The second phase of the copper mine will gradually release volume: the company's copper project is currently in the first phase of the copper mine project is close to the closure of the pit, the second phase of the copper mine project has been partially put into production and entered the stage of construction while production. The first phase of the company's copper project is expected to be closed in the first half of 2024, and the second phase of the project is expected to be fully put into production by the end of 2024 (the transformation of the smelter matched with the second phase of the project has been completed and is expected to be put into use in 2024) and full production in 2026. At that time, the company's metal copper output will reach 70,000 tons / year.

How to treat the profitability of Copper Phase II? As the second phase of the company's copper mine has not yet been put into production, the real cost is difficult to judge. We take the cost of the first phase of the copper mine as a reference, and the production cost was maintained at 23,000-26,000 yuan / ton before the completion of the first phase of the project in 2014-2016, but the cost was low because the first phase of the copper mine had less depreciation and amortization at that time. The grade of the second phase of the copper mine is higher than that of the first stage, but the operation depth is greater, and the cost of roadway ventilation and ore lifting is higher. Taking into account factors such as depreciation and amortization, the total cost of the second phase of the copper mine is estimated to be 35,000 yuan / ton.

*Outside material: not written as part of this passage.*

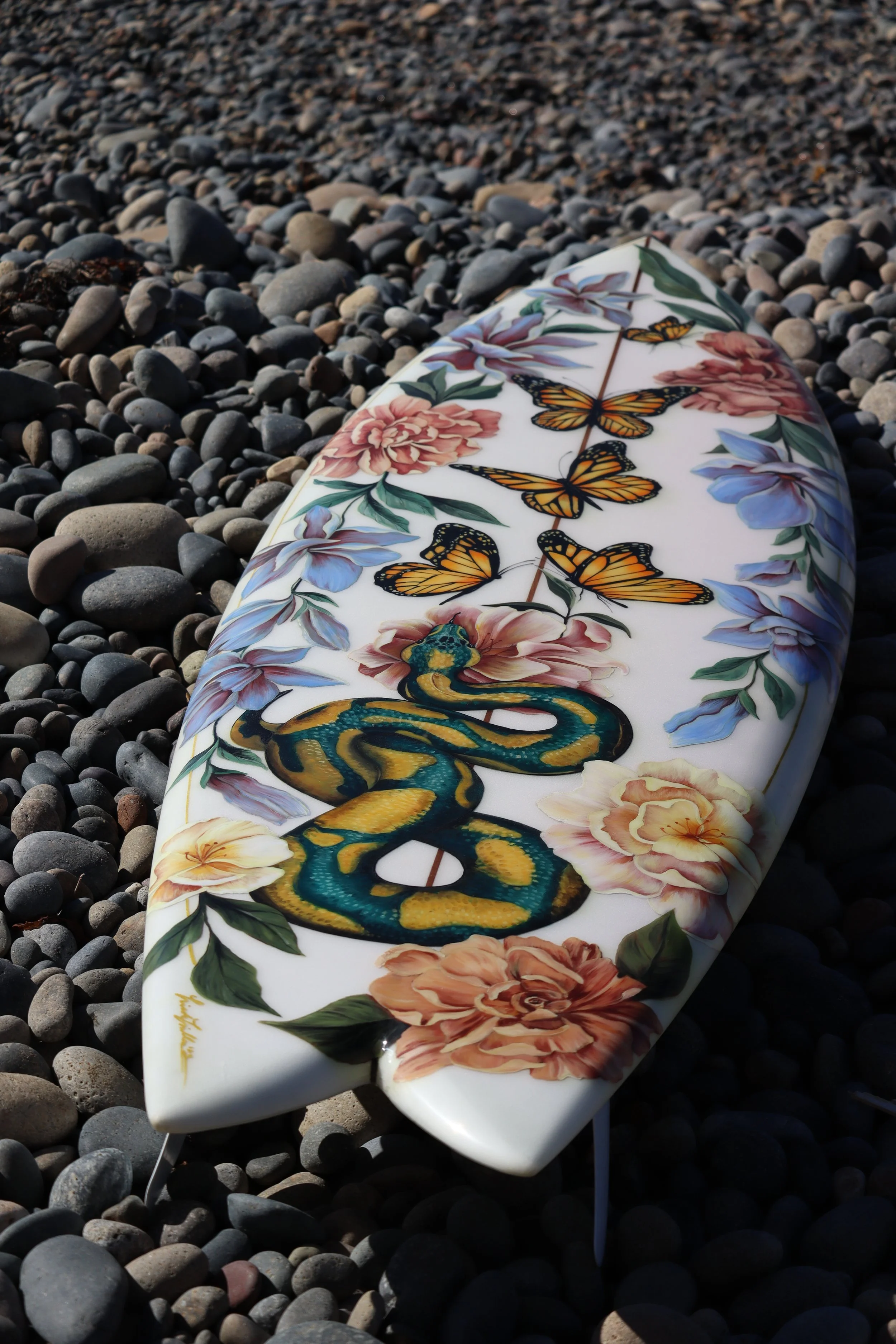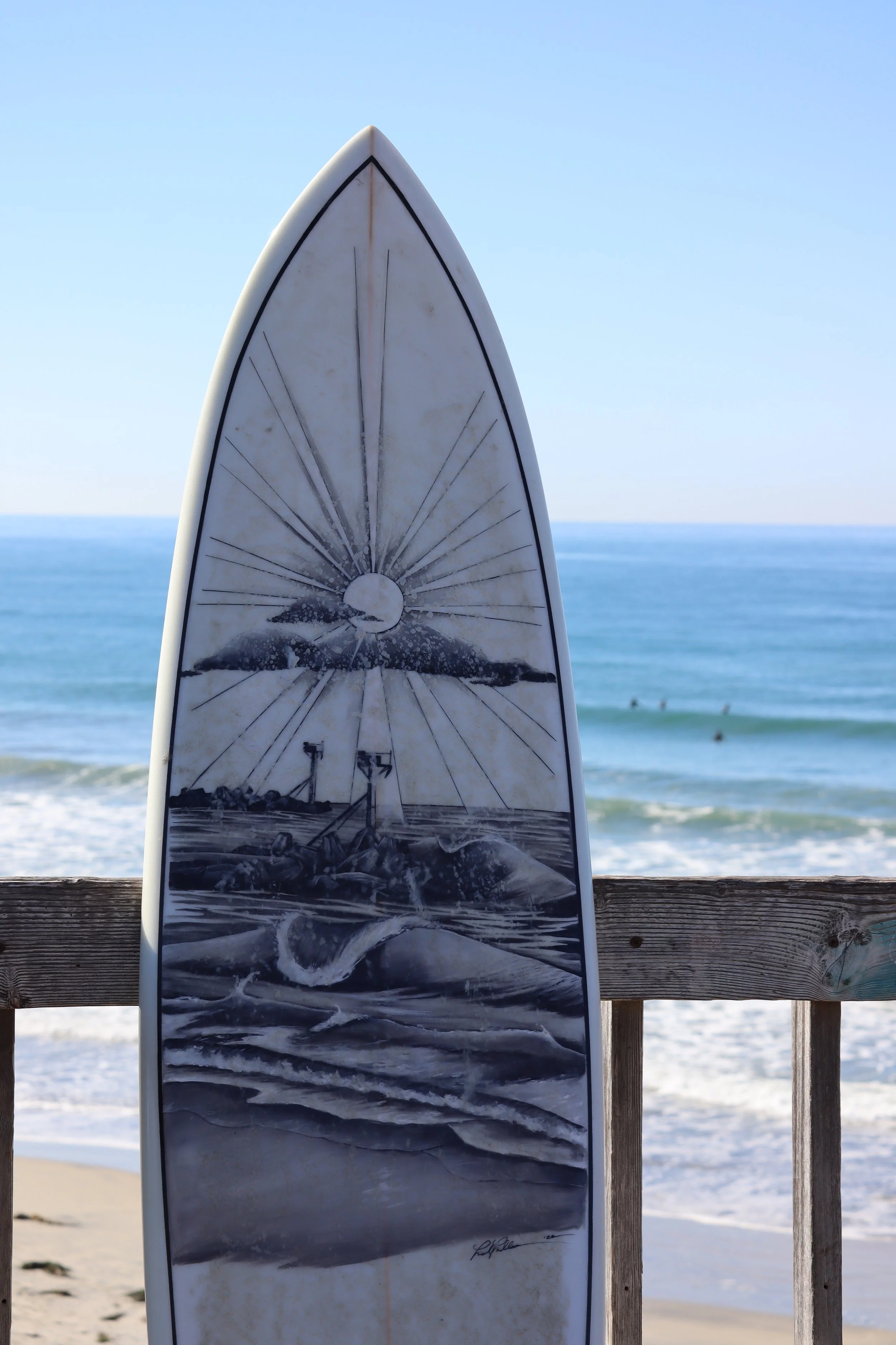 These projects will take many weeks to complete once I have found and purchased a board to upcycle if necessary. When working with a shaper, this will add some time as well. With this being said, giving me ample time to create (I like to suggest 2-3 months from our initial conversation) is necessary. Depending on my commission que, it could be done faster but it is never guaranteed. If you need me to complete a rush order, there will be a fee.

Assuming that the price of the second phase of copper products refers to the electrolytic copper price of 65,000 yuan / ton (about 57500 yuan / ton after tax deduction), considering that 28% of the resource income tax in South Africa and PC's net profit are converted into 59.2% of the company's net profit, it is expected that the copper mining business after delivery is expected to contribute 672 million yuan to the company's annual return net profit.

Iron ore profit is expected to maintain a high level: Parabola copper mine is associated with copper and iron, which mainly uses copper resources in the historical production process. Magnetite is stored on the ground of the plant after simple screening, and the current storage capacity is about 140 million tons, with an average grade of 58%. The company's average annual magnetite shipment is about 8.5 million tons, magnetite can be sold by the company for more than 17 years, and the development potential is huge (after the second phase of copper project was put into production. The annual increase in ground storage is 2 million tons, with an average taste of 62%). At present, domestic hot metal production remains high, while the increment of global iron ore supply is low in 2023, iron ore shows a "high demand, low inventory" situation, iron ore prices are expected to remain high, thickening the company's profits. We assume that the average sales price of magnetite in 2023 is US $106.33 / ton, the cost per ton is US $65 / ton, and the shipment volume is 7.5 million tons, then the magnetite business is expected to contribute 879 million yuan to the company's net profit in 2023.

Profit forecast and investment advice: as the copper phase II project is gradually put into production and iron ore prices remain at a high position, the company's performance is expected to achieve sustained growth. We estimate that the return net profit of 2023-2025 company is 9.41,13.11 and 1.652 billion yuan respectively, the EPS is 1.44,2.01,2.53 yuan respectively, and the closing price on September 26 is 11.4,8.1,6.5 times of PE respectively.

Risk tips: copper Phase II project production / climbing schedule is not as expected, iron ore prices decline risk, sea freight prices rise sharply, and so on.

The translation is provided by third-party software.